Veteran cable news host Greta Van Susteren is returning to television with a new Sunday public affairs program that will aim to be a must-stop for 2020 presidential candidates and their ad dollars.
The L-A Times reports station ownership group Gray Television announced the new entry Monday at the National Assn. of Broadcasters’ annual gathering in Las Vegas. Van Susteren’s program “Full Court Press” will air Sundays starting in September in the 93 markets where the Atlanta-based Gray owns television stations and on Weigel Broadcasting stations in Chicago and Milwaukee.
Greta Van Susteren |
“Full Court Press” will cover national politics while using the resources of Gray’s TV stations’ news operations to provide local context to the issues covered. The program will also use Gray’s national investigative reporting team, which provides its segments to stations and the streaming video channel InvestigateTV.
“It’s perfect for the presidential campaign,” Sandy Breland, senior vice president for local media for Gray, told The Times. “But it will be through the local lens of our stations. We find that more than ever our viewers want to know how decisions in Washington will have an impact in their community.”
Van Susteren, 64, was a staple of cable news for 23 years after starting out as a legal expert for CNN’s coverage of O.J. Simpson’s murder trial. She had her own show on CNN, spent 14 years as a prime-time host on Fox News — replaced by Tucker Carlson in November 2016 — and most recently had a six-month stint at MSNBC, which ended in June 2017.
Van Susteren joined Gray in February as a national political analyst. She is also a contributor for the government radio service Voice of America.

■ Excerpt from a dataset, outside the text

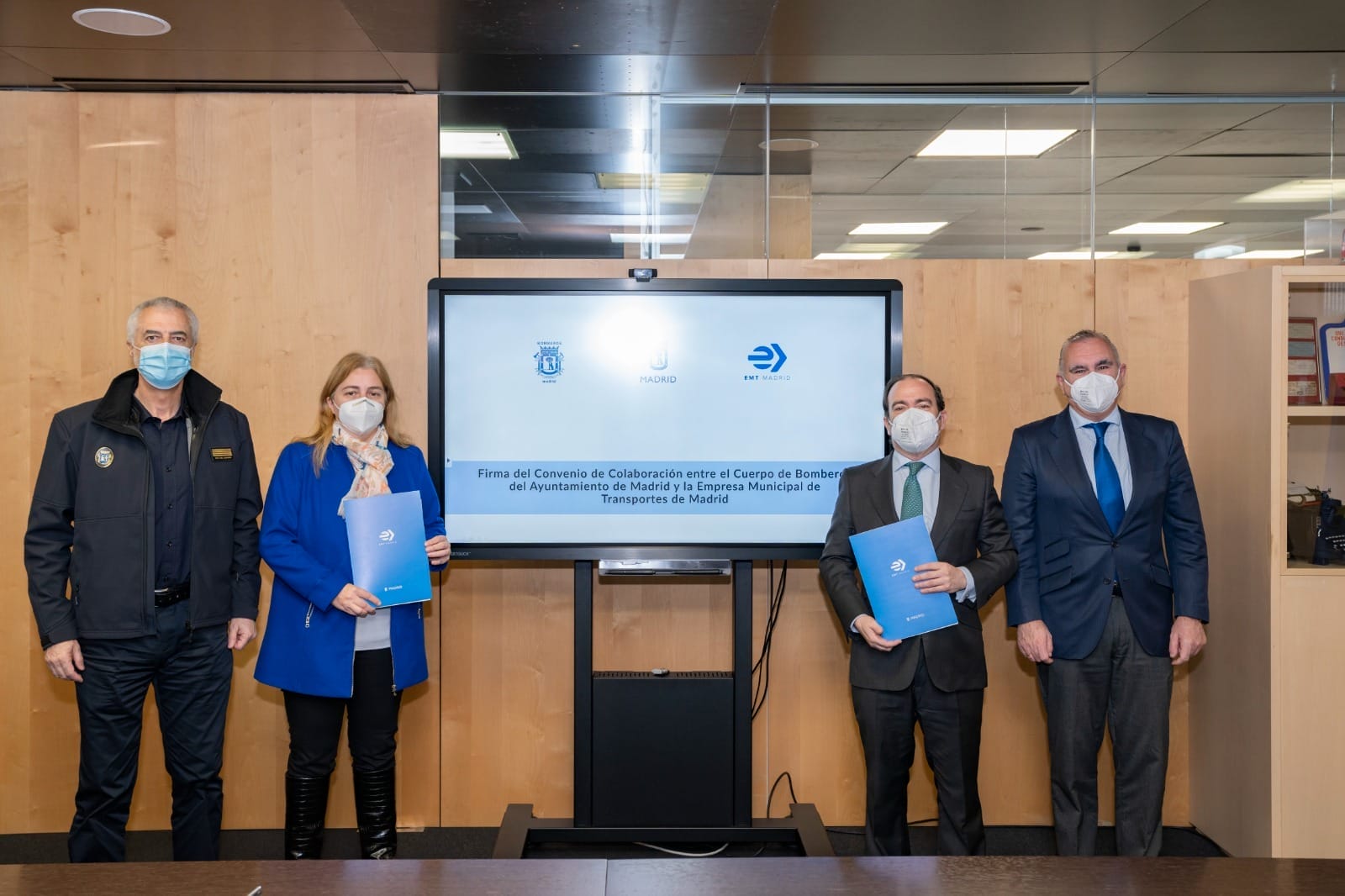 La delegada de Seguridad y Emergencias y portavoz municipal, Inmaculada Sanz, y el delegado de Medio Ambiente y Movilidad, Borja Carabante, han firmado esta mañana un convenio de colaboración por el que Bomberos de Madrid y la Empresa Municipal de Transportes (EMT) se comprometen a fomentar la colaboración, coordinación y cooperación ante situaciones de emergencia.

Van Susteren’s straight-ahead nonpartisan style made her a tougher fit for cable news, where ratings have soared for opinionated hosts such as Carlson and MSNBC’s Rachel Maddow in the highly polarizing era of the Trump White House. The broadcast TV stations where “Full Court Press” will air still appeal to viewers looking for political talk on Sunday mornings, thanks to such long-running programs as NBC’s “Meet the Press” and CBS’s “Face the Nation.”